What caught our eye was the molded three-dimensional board that sits inside the box bottom with walls sticking up and parts that create hidden moving passageways. Up to four players will travel through this level of the pyramid to try to get to the center and ultimately the treasure chamber.
This chamber is guarded by three mighty sphinxes. During setup, the six included plastic sphinx pawns are mixed and placed on the board in the designated spots (three outside the treasure chamber and the other three in temple chambers at the edge of the pyramid). Each sphinx has a different color on the bottom and you must remember and match the color in order to gain entrance to the chamber. Matching colored Sphinx cards and three dice are placed next to the board while all players select a playing piece and puts it on the starting space.
On your turn you will roll all three dice and resolve them in any order, independently. Most results will be a number and you move your pawn forwards or backwards along the path inside the pyramid the number of spaces shown on each die. You may not add up the results of the dice – each die must be resolved on its own as if it was its own action. You may not change directions in the middle of a movement, but can change between dice.

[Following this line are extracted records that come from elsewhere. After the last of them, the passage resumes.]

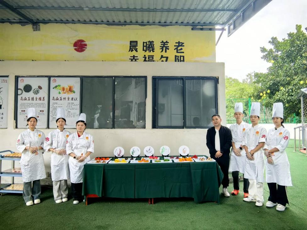 烹饪专业的学子们将课堂所学化作指尖的温度,精心烘焙出纸杯蛋糕、蛋挞、月饼,再搭配上新鲜果盘,每一份食物都饱含心意。活动现场,学生们以巧手演绎面点艺术,用果酱勾勒创意画卷——云朵般的蛋糕裱花轻盈舒展,飞机造型的果酱画跃然盘上,专业特色与节日趣味在餐盘中交织成诗。老人们品尝后纷纷称赞孩子们的手艺比外面买的还好!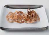 5. 연근은 모양대로 얇게 썰어 기름에 튀겨 연근칩을 만든다.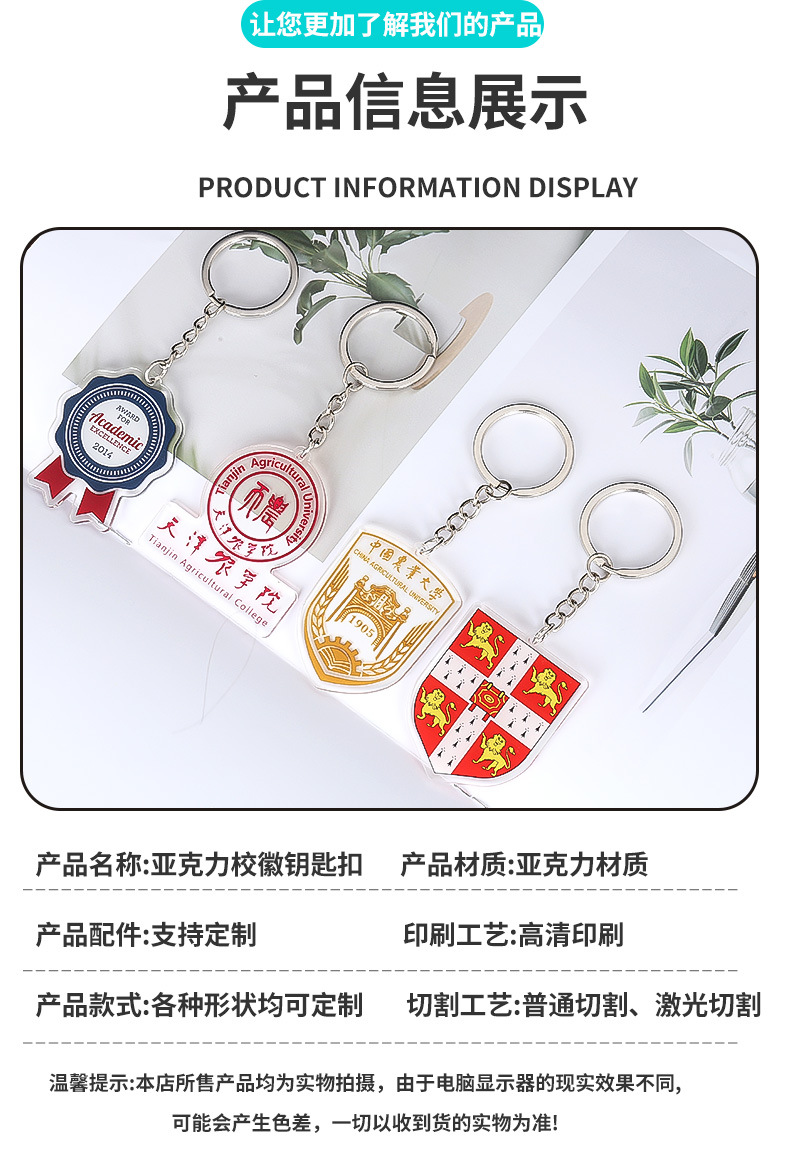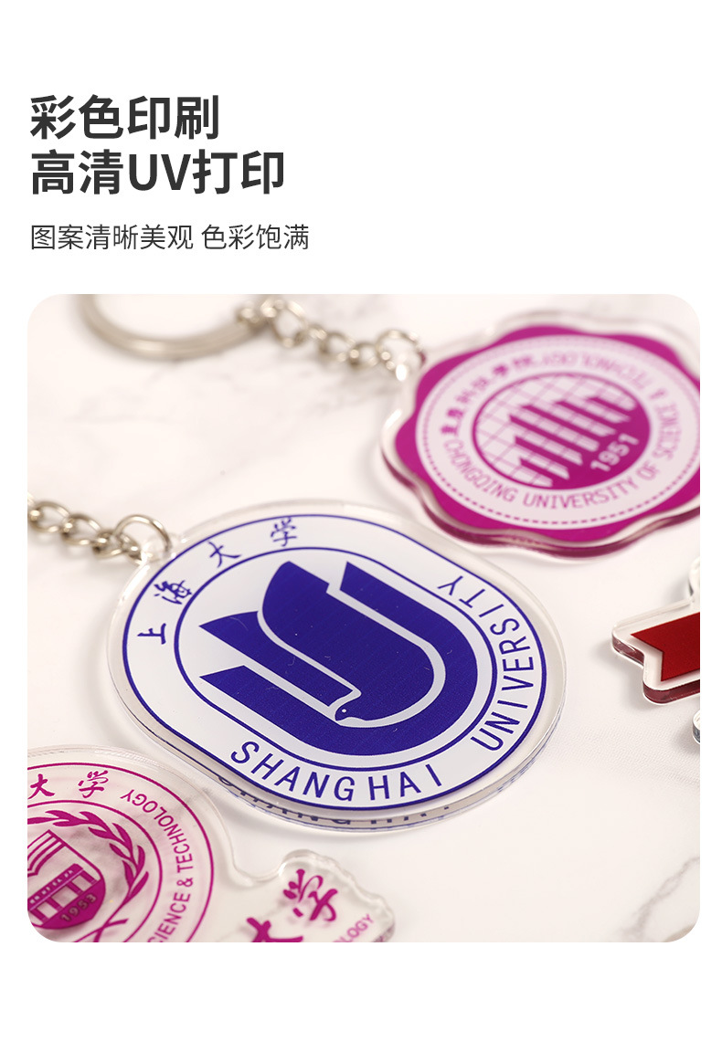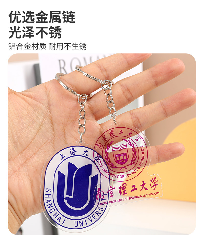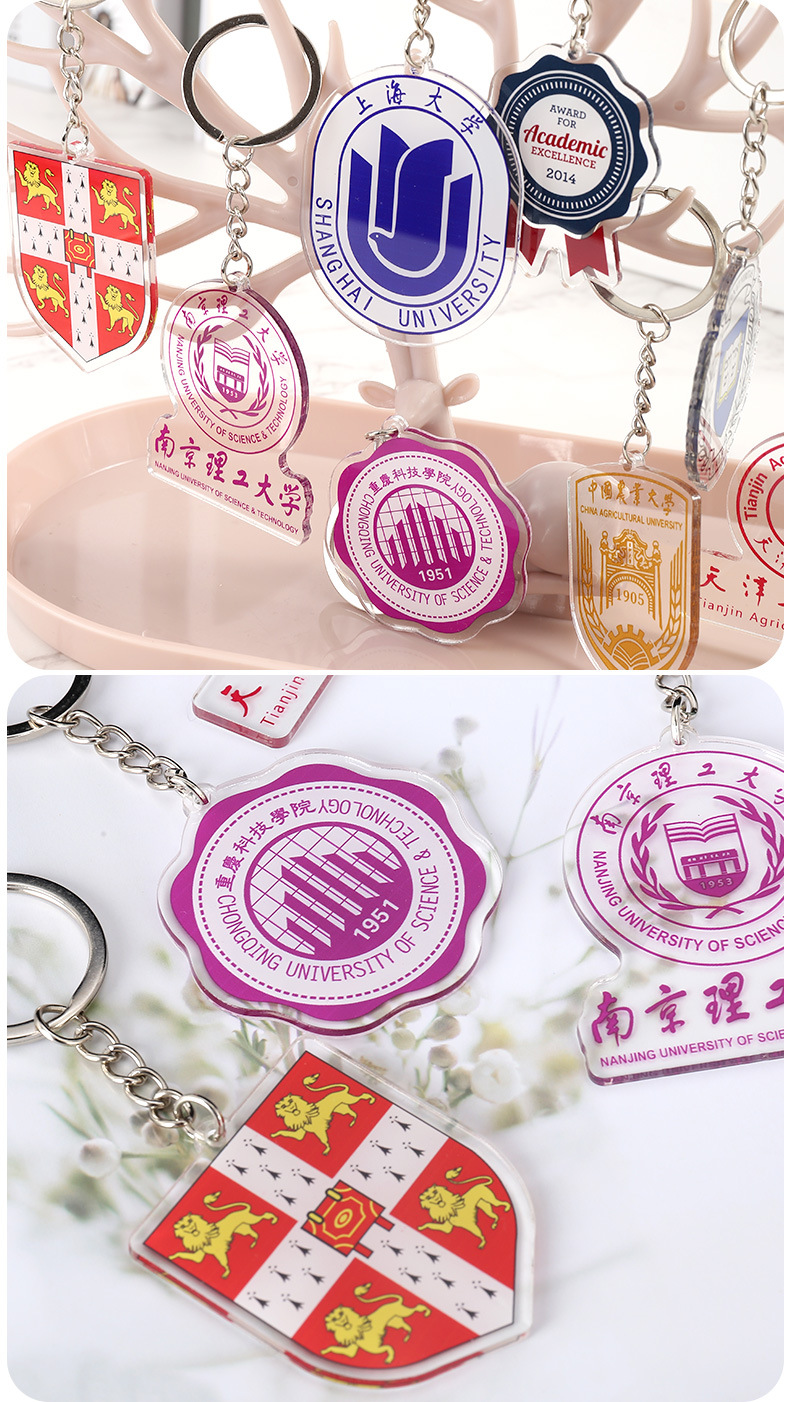 亚克力钥匙扣定制学校胸章LOGO大学校徽钥匙挂件毕业纪念礼品定做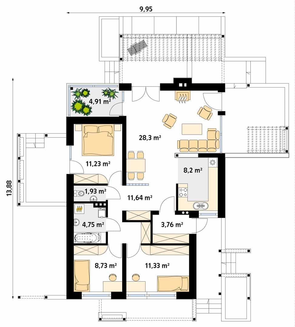 - Szerokość domu9.95 m

If you roll a result that has two snake symbols on it, you must take two of the Sphinx figures and swap their places without looking at them (one from the treasure chamber and one from a temple chamber). While moving, if your pawn finishes on one of the two squares next to a secret door, push your piece against the wall, causing it to rotate. Your pawn will rotate with the door 180 degrees to the other side. Any other pieces on those same adjacent squares will also rotate to a new position.

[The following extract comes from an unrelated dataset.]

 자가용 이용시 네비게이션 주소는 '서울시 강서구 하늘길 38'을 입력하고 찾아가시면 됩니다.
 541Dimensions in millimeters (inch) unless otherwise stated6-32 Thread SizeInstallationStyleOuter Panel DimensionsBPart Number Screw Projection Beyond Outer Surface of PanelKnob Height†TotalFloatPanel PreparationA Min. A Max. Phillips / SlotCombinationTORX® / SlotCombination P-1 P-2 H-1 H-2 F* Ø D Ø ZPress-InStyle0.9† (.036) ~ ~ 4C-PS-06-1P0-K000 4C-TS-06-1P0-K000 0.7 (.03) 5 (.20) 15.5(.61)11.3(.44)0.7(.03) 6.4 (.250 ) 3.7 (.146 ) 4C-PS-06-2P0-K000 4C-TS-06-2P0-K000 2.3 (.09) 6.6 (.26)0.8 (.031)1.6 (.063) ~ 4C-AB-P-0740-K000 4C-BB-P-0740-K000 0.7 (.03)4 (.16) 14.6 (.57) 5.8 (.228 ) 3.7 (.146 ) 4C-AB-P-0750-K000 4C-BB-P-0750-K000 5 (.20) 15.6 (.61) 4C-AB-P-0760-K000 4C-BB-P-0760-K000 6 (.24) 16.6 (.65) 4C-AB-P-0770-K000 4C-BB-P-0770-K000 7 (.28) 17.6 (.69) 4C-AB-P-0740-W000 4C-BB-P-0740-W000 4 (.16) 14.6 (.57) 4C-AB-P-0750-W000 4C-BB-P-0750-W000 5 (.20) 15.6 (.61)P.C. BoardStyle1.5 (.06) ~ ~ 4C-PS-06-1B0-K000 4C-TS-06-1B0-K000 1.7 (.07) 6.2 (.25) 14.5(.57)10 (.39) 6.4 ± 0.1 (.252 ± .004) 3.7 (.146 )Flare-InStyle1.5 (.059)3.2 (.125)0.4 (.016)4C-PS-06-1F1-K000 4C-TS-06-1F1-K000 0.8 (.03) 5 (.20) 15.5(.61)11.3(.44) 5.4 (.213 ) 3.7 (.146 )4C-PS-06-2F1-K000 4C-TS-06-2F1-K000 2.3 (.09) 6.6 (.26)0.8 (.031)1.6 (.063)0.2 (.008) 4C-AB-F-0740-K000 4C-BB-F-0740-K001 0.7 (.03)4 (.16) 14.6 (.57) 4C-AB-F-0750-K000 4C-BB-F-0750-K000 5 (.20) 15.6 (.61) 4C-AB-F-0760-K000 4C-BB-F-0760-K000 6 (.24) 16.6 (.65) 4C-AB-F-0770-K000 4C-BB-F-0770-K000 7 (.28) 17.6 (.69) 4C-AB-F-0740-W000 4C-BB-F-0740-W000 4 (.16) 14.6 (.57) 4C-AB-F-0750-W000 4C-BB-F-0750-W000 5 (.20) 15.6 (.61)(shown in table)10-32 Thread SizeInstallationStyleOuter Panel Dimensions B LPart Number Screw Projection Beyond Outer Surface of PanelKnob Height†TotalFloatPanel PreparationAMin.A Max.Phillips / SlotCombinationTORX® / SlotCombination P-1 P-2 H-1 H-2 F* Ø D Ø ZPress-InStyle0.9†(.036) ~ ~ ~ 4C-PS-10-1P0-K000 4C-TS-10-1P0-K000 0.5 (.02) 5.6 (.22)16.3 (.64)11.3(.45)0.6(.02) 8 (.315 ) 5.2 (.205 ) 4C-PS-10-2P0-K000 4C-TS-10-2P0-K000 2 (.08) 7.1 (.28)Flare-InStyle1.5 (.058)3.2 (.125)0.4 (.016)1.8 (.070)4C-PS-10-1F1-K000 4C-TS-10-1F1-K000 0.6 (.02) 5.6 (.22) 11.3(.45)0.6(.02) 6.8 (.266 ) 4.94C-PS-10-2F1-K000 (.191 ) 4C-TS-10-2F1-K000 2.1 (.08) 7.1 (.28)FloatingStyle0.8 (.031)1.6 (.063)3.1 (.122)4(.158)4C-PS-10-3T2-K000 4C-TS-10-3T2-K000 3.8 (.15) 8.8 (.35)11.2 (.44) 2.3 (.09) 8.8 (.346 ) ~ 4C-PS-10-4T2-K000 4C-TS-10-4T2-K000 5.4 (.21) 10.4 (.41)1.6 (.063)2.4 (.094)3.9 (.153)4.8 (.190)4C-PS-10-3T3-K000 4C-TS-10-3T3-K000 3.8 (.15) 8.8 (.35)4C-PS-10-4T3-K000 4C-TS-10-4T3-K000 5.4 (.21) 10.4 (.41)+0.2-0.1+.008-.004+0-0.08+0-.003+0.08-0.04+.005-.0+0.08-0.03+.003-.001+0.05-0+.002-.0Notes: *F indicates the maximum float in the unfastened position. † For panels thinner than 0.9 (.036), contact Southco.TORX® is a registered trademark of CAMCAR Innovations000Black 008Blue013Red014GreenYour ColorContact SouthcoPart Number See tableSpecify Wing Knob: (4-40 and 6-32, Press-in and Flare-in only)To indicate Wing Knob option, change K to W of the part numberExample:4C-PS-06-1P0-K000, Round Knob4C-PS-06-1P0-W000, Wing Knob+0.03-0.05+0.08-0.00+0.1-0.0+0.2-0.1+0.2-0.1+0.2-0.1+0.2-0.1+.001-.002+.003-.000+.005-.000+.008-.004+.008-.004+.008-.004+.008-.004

When you land on or pass over a specially-marked Sphinx square, you may take the corresponding colored Sphinx card from the pile next to the board. You may only own one of each color, so if you already have a copy, you must return the new one to the pile.

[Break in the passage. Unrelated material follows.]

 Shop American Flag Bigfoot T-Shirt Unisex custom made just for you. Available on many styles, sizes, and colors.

Some of the squares on the board have a mummy’s hand pointing the way. When you move onto or over one of these symbols, you may peek underneath any of the six Sphinx figures to discover its color without sharing it with other players. Each player may only look at a maximum of one Sphinx per turn, even if they crossed over multiple examples of the symbol.
Any time you move over another player, you may steal any one Sphinx card from their collection as long as you don’t already own that color. You can steal from multiple players on a single turn if you pass over more than one pawn, but never twice from the same player.
Ultimately you’re trying to discover the colors of the three Sphinxes currently guarding the treasure chamber and their order. When you believe that you know all of the colors and their correct order, make your way towards the treasure chamber. When your roll results in you moving onto or past the first Sphinx, place your pawn on the last square with the treasure and present three of your Sphinx cards to predict the Sphinxes’ colors. Check the bottom of all three without showing other players. If correct, reveal them all and claim victory. If even one color or position is incorrect, you lose all of your Sphinx cards and return to the starting square (OUCH!). The game continues as normal with the next player.
Sphinx is a creative memory game that has elements which remind us of the original Fireball Island. The box advertises the game for ages 8+, but in reality it could be enjoyed by children as young as 4 or 5 as long as an adult is present to explain the rules. While you can find copies on Amazon from 3rd party sellers, your best bet is to pick it up on eBay where prices are quite a bit less.
What is your favorite Egyptian-themed game?